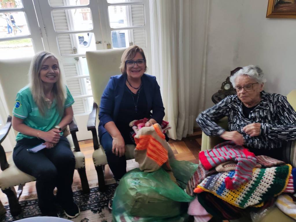 Nas quartas feiras, as amigas se reúnem para confeccionar Blusões para crianças carentes e também para a Escola Rotária E.M.E.I Dr. Pena. Na oportunidade o companheiro Saucedo e sua esposa Dalila visitaram o Governador Warner Bento.
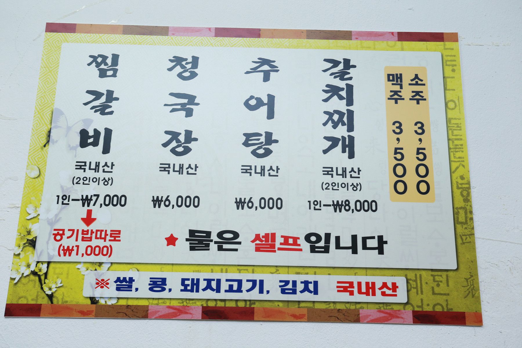 청국장 메뉴가 있어 6,000원인데, 찜갈비를 시키시면 다 드실 수 있으니
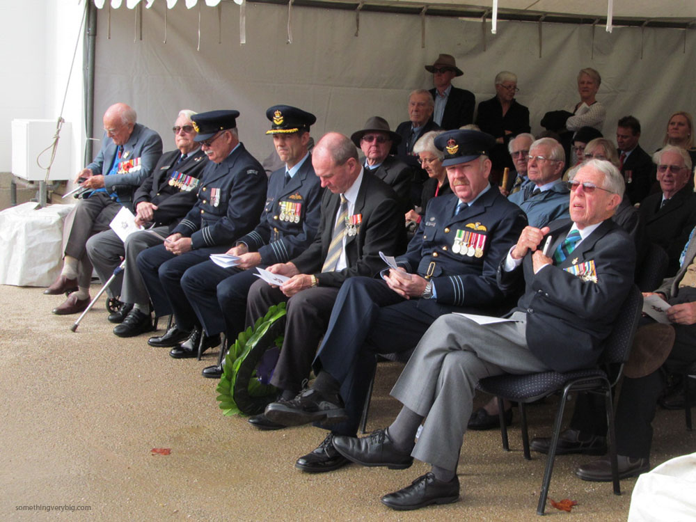 Attending the ceremony was His Excellency General the Honourable Sir Peter Cosgrove AK, MC (Ret’d), Governor-General of the Commonwealth of Australia, who spoke about how Australians in particular traveled so far from home to fly in Bomber Command. The veterans present were invited to move to the inside of the Hall of Memory to view the wreathlaying at the Tomb of the Unknown Soldier. Ross Pearson delivered the Reflections address, paying tribute to those unsung support staff who also served: the armourers, the WAAFs, the parachute packers, the cooks (who worked miracles to make Spam palatable), the briefing officers. He also spoke eloquently on the unique “spirit of aircrew,” reading the citation for the award of the Conspicuous Gallantry Medal to Kevin Dennis, the veteran I had met at the hotel the previous evening. Kevin was a wireless operator who, badly injured by flak during an operation in March 1945, refused to leave his post until the damaged aircraft landed safely. In considerable pain with one foot almost severed from the explosion he had continued to carry out his duties, receiving the critical weather message which resulted in a successful diversion to an emergency airfield. For this, in the process saving his entire crew, he was awarded the CGM, one small step below a Victoria Cross.

┄┄┄┄┄┄

_Problem to work on_
Could you return the whole listing exactly, with every picture removed?

_Response_
 Nas quartas feiras, as amigas se reúnem para confeccionar Blusões para crianças carentes e também para a Escola Rotária E.M.E.I Dr. Pena. Na oportunidade o companheiro Saucedo e sua esposa Dalila visitaram o Governador Warner Bento.
 청국장 메뉴가 있어 6,000원인데, 찜갈비를 시키시면 다 드실 수 있으니
 Attending the ceremony was His Excellency General the Honourable Sir Peter Cosgrove AK, MC (Ret’d), Governor-General of the Commonwealth of Australia, who spoke about how Australians in particular traveled so far from home to fly in Bomber Command. The veterans present were invited to move to the inside of the Hall of Memory to view the wreathlaying at the Tomb of the Unknown Soldier. Ross Pearson delivered the Reflections address, paying tribute to those unsung support staff who also served: the armourers, the WAAFs, the parachute packers, the cooks (who worked miracles to make Spam palatable), the briefing officers. He also spoke eloquently on the unique “spirit of aircrew,” reading the citation for the award of the Conspicuous Gallantry Medal to Kevin Dennis, the veteran I had met at the hotel the previous evening. Kevin was a wireless operator who, badly injured by flak during an operation in March 1945, refused to leave his post until the damaged aircraft landed safely. In considerable pain with one foot almost severed from the explosion he had continued to carry out his duties, receiving the critical weather message which resulted in a successful diversion to an emergency airfield. For this, in the process saving his entire crew, he was awarded the CGM, one small step below a Victoria Cross.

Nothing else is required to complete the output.